# [solved] framebuffer console problem in 2.6.31-r10 kernel

## m34n

Hello,

I've got a strange problem in 2.6.31-r10. I've installed this kernel on my desktop (cpu: x86_64, vga: ati x550) and couldn't deactivate the framebuffer consol. I tried lots of possibilities before (for example set off CONFIG_FRAMEBUFFER_CONSOL manually in .config, using alternate drivers [current is radeon], several boot options, xvidtune, ati catalist control center and many others I forget).

The position of the frambuffered terminal  is wrong (perhaps because of incorrect settings of vga mode? - I do not know) when I set the correct position of the desktop under X.

At first: I WANT to set off the framebuffer console. How can I do? (It's not possible in menuconfig.)

If it is not possible, please give a working way to set up the separated screen position under terminal and X.

Thanks all.

Regards,

m34n

P.s.: Use details when You answer, please.Last edited by m34n on Tue Apr 06, 2010 12:13 pm; edited 1 time in total

----------

## audiodef

You want to turn OFF framebuffer? If you do that, you won't be able to see anything until and if your graphical login manager starts (which is when Xorg takes over). I don't think you want that. 

Check out Pappy's Kernel Seeds at http://kernel-seeds.org and follow the instructions for setting up a config. Read the relevant sections about graphics drivers. 

Let us know how it turns out!   :Cool: 

----------

## Sadako

 *audiodef wrote:*   

> You want to turn OFF framebuffer? If you do that, you won't be able to see anything until and if your graphical login manager starts (which is when Xorg takes over).

 Um, no, that would only apply if you were to build your kernel without VGA console support...

m34n: it might be best if you just posted your kernel config (or better yet a link to it), your kernel command line (/proc/cmdline), and maybe your lsmod output too.

----------

## m34n

 *audiodef wrote:*   

> You want to turn OFF framebuffer? If you do that, you won't be able to see anything until and if your graphical login manager starts (which is when Xorg takes over). I don't think you want that. 
> 
> Check out Pappy's Kernel Seeds at http://kernel-seeds.org and follow the instructions for setting up a config.
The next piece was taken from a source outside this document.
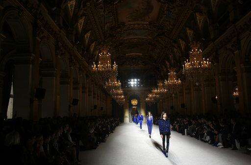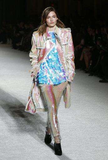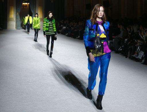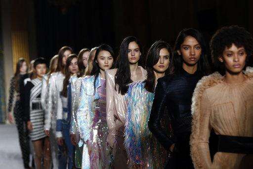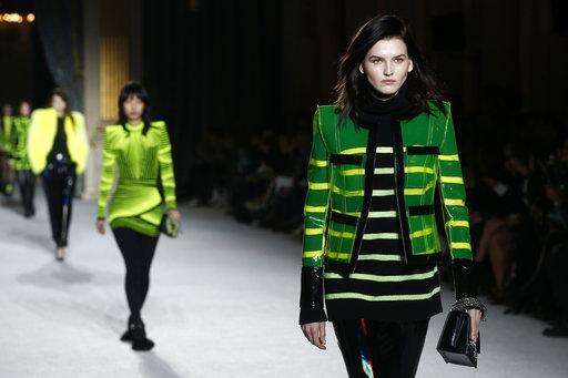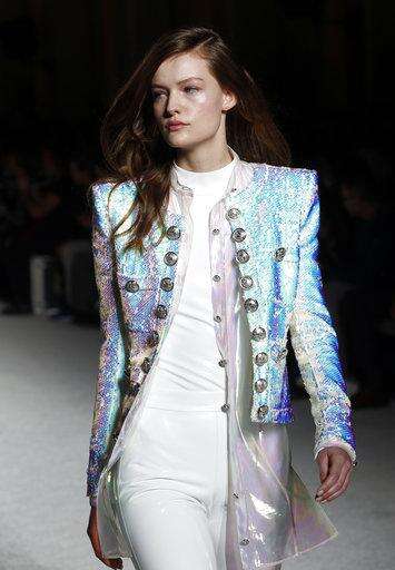 Models wear creations for Balmain's ready-to-wear fall-winter 2018/2019 fashion collection presented in Paris, Friday, March 2, 2018. (AP Photo/Thibault Camus)
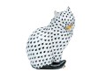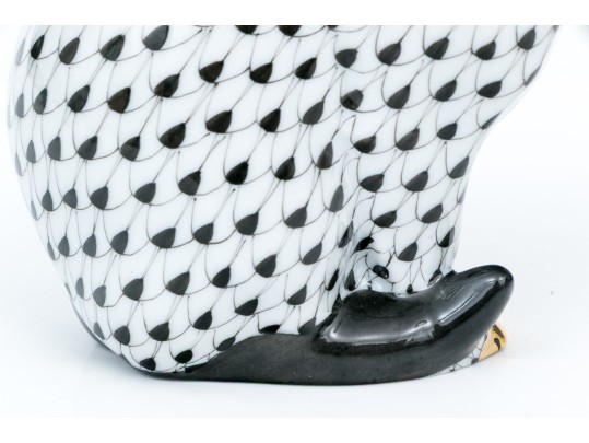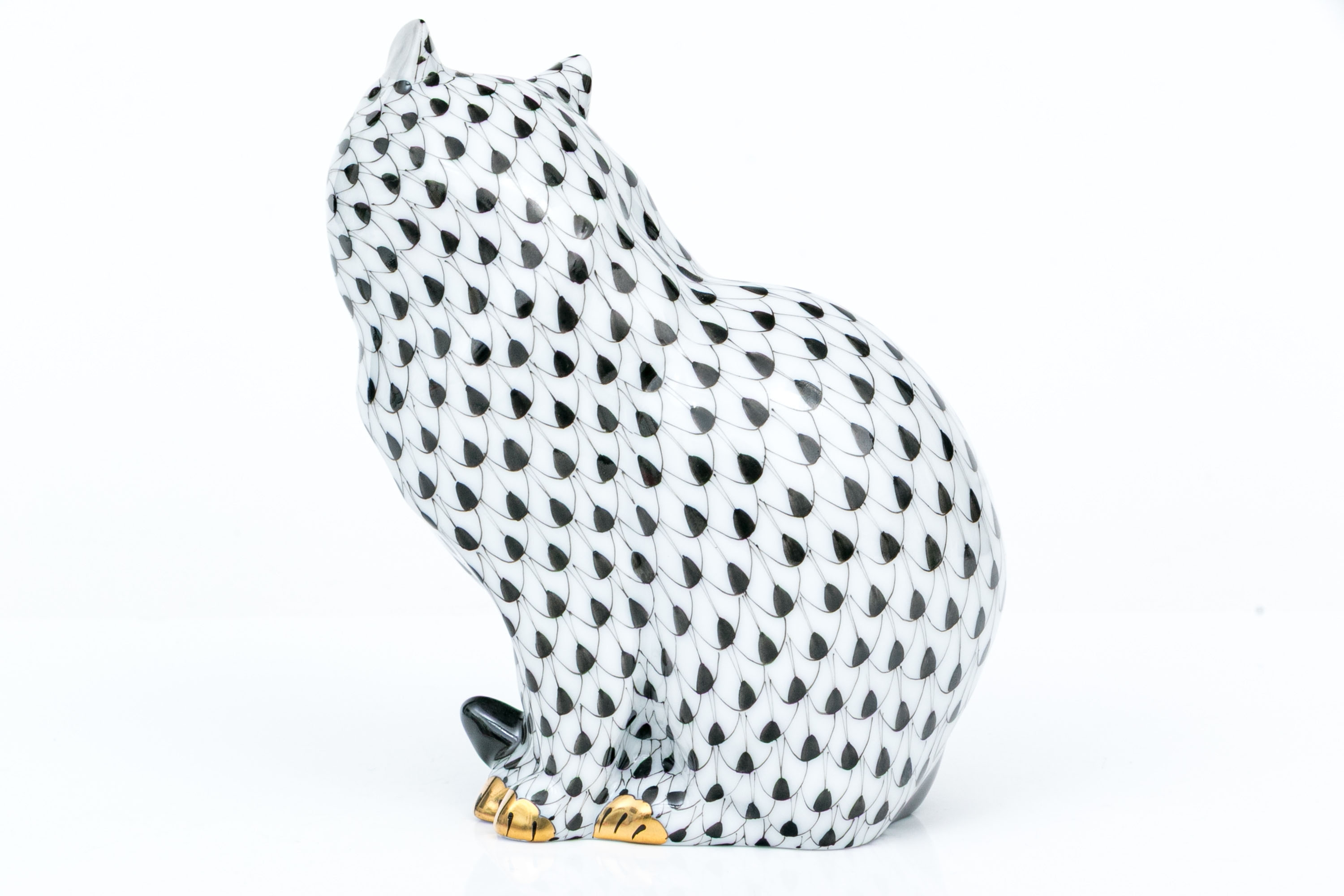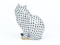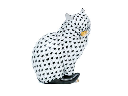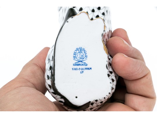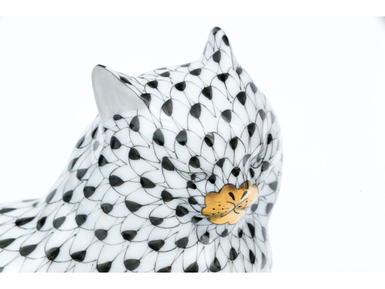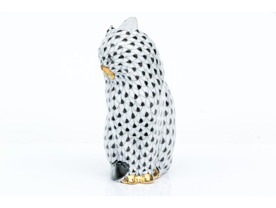 This porcelain cat figure by Herend is model 5383, a seated feline rendered with serene poise and soft curves. The piece is hand-painted in the iconic black fishnet (VHNM) pattern. The cat’s face is accentuated by a 24K gold nose and whisker detailing, while the paws are gilded in rich gold, adding a touch of warmth and contrast to the glossy monochrome surface. The underside bears the blue Herend Hungary shield mark, inscribed HANDPAINTED, with model number 5383-0-00/VHNM.

Read the relevant sections about graphics drivers. 
> 
> Let us know how it turns out!  

 

Strange. Not the whole framebuffer, the CONFIG_FRAMEBUFFER_CONSOLE only. The link is also wrong.

----------

## m34n

 *Hopeless wrote:*   

>  *audiodef wrote:*   You want to turn OFF framebuffer? If you do that, you won't be able to see anything until and if your graphical login manager starts (which is when Xorg takes over). Um, no, that would only apply if you were to build your kernel without VGA console support...
> 
> m34n: it might be best if you just posted your kernel config (or better yet a link to it), your kernel command line (/proc/cmdline), and maybe your lsmod output too.

 

It was a bit difficult without flashplayer, but successed:

.config:

http://docs.google.com/Doc?docid=0AUc5RcNL32mdZGZyZnhnN2dfMGM1NHZjOWNn&hl=hu

my kernel command line is:

root=/dev/sda3 (if it is what you need)

and the output of lsmod:

http://docs.google.com/Doc?docid=0AUc5RcNL32mdZGZyZnhnN2dfMWZ3NzhrOWdy&hl=hu

----------

## Sadako

Okay, just had a quick look, you have a lot of things enabled which I suspect you don't need.

wrt this particular issue, you have 'CONFIG_FB_RADEON' enabled, which is the radeon framebuffer driver, and is completely unrelated and unnecessary to use the radeon drivers for x11.

Just disable that and all the other drivers under the framebuffer section in menuconfig, and to disable the framebuffer section completely you'll need to disable the the KMS option for intel's i915 (which is one of the things I suspect you don't need at all...).

----------

## m34n

 *Hopeless wrote:*   

> Okay, just had a quick look, you have a lot of things enabled which I suspect you don't need.
> 
> wrt this particular issue, you have 'CONFIG_FB_RADEON' enabled, which is the radeon framebuffer driver, and is completely unrelated and unnecessary to use the radeon drivers for x11.
> 
> Just disable that and all the other drivers under the framebuffer section in menuconfig, and to disable the framebuffer section completely you'll need to disable the the KMS option for intel's i915 (which is one of the things I suspect you don't need at all...).

 

emerge is running now, but after I will do it and publicate the results. //note: I've already downloded newest kernel from http://kernel.org/, maybe that will be the one//

----------

## m34n

 *Hopeless wrote:*   

> Okay, just had a quick look, you have a lot of things enabled which I suspect you don't need.
> 
> wrt this particular issue, you have 'CONFIG_FB_RADEON' enabled, which is the radeon framebuffer driver, and is completely unrelated and unnecessary to use the radeon drivers for x11.
> 
> Just disable that and all the other drivers under the framebuffer section in menuconfig, and to disable the framebuffer section completely you'll need to disable the the KMS option for intel's i915 (which is one of the things I suspect you don't need at all...).

 

It was the reason. Thanks.

----------